Design#
The plugin is centered around two concepts: pseudopotentials and pseudopotential families.
The two concepts are further explained below, especially focusing on how they are implemented in aiida-pseudo
, what assumptions are made, and what the limitations are.
Pseudopotentials#
Pseudopotentials are implemented as data plugins, and the base class is PseudoPotentialData
.
Pseudopotentials are assumed to be defined by a single file on disk and represent a single chemical element.
As such, each pseudopotential node, has to have two attributes: the md5 of the file that it represents and the symbol of chemical element that the pseudopotential describes.
The latter follows IUPAC naming conventions defined as elements
in the module aiida.common.constants
of aiida-core
.
PseudoPotentialData
functions as a base class and does not represent an actual existing pseudopotential format.
It is possible to create a family of PseudoPotentialData
nodes, but since the element cannot be parsed from the file content itself, it will have to be done from the filename, so the filename has to have the format CHEMICAL_SYMBOL.EXTENSION
, for example Ar.pseudo
.
Since the PseudoPotentialData
class does not have any features tailored to specific formats, as do the classes which inherit from it (e.g. UpfData
for UPF-formatted pseudopotentials), this class is mostly useful for development.
The plugin comes with a variety of pseudopotential subtypes that represent various common pseudopotential formats, such as UPF, PSF, PSML and PSP8. The corresponding data plugins implement how the element and other data are parsed from a pseudopotential file with such a format. A new pseudopotential node can be created by instantiating the corresponding plugin class:
from aiida import plugins
UpfData = plugins.DataFactory('pseudo.upf')
with open('path/to/pseudo.upf', 'rb') as stream:
pseudo = UpfData(stream)
Note, the pseudopotential constructor expects a stream of bytes, so be sure to open the file handle with the 'rb'
mode.
Alternatively, you can also use the get_or_create
classmethod, which will first search the database to check if a pseudopotential of the exact same type and content already exists.
If that is the case, that node is returned, otherwise a new instance is created:
from aiida import plugins
UpfData = plugins.DataFactory('pseudo.upf')
with open('path/to/pseudo.upf', 'rb') as stream:
pseudo = UpfData.get_or_create(stream)
If a new node was created, it will be unstored. Note that if more than one pseudopotential in the database is matched, a random one is selected and returned.
Families#
Having loose pseudopotentials floating around is not very practical, so groups of related pseudopotentials can be organized into “families”, which are implemented as group plugins with the base class PseudoPotentialFamily
.
Tip
Since a PseudoPotentialFamily
is a subclass of AiiDA’s Group
, they share the same API.
That means you can use AiiDA’s group API as well as the verdi group
CLI to work with families of aiida-pseudo
.
A family class can in principle support many pseudopotential formats, however, a family instance can only contain pseudopotentials of a single format.

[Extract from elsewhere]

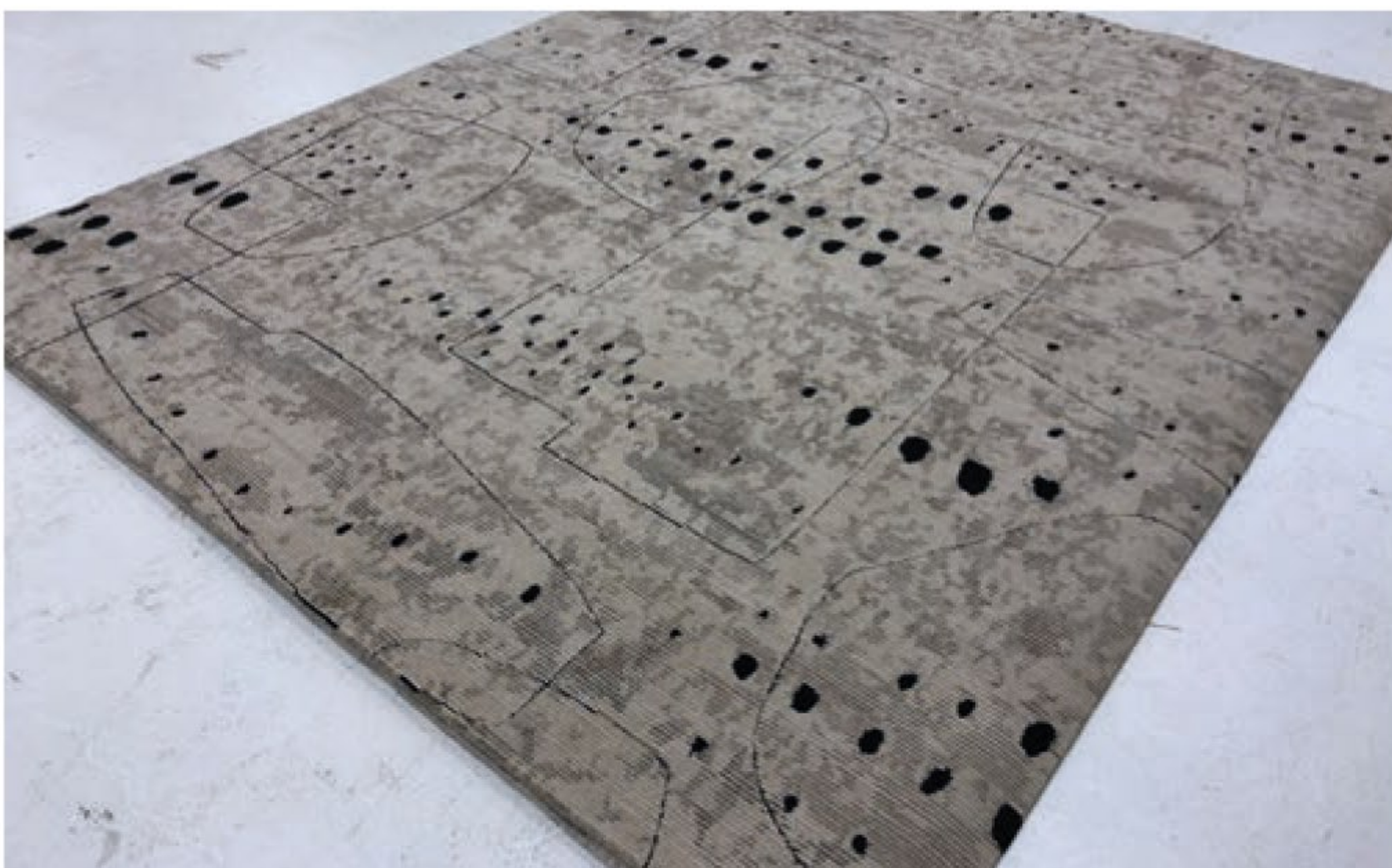
Tamarian's Loft Natural Charcoal gives space to a two-layered textured field, resulting in a subtle, multi-dimensional experience. Visit: tamarian.com

For example, the PseudoPotentialFamily
class supports all of the pseudopotential formats that are supported by this plugin.
However, any instance can only contain pseudopotentials of the same format (e.g. all UPF or all PSP8, not a mixture).
In contrast, the SsspFamily
only supports the UpfData
format.
A pseudopotential family can be constructed manually, by first constructing the class instance and then adding pseudopotential data nodes to it:
from aiida import plugins
UpfData = plugins.DataFactory('pseudo.upf')
PseudoPotentialFamily = plugins.GroupFactory('pseudo')
pseudos = []
for filepath in ['Ga.upf', 'As.upf']:
with open(filepath, 'rb') as stream:
pseudo = UpfData(stream)
pseudos.append(pseudo)
family = PseudoPotentialFamily(label='pseudos/upf').store()
family.append(pseudos)
Note that as with any Group
, it has to be stored before nodes can be added.
If you have a folder on disk that contains various pseudopotentials for different elements, there is an even easier way to create the family automatically:
from aiida import plugins
UpfData = plugins.DataFactory('pseudo.upf')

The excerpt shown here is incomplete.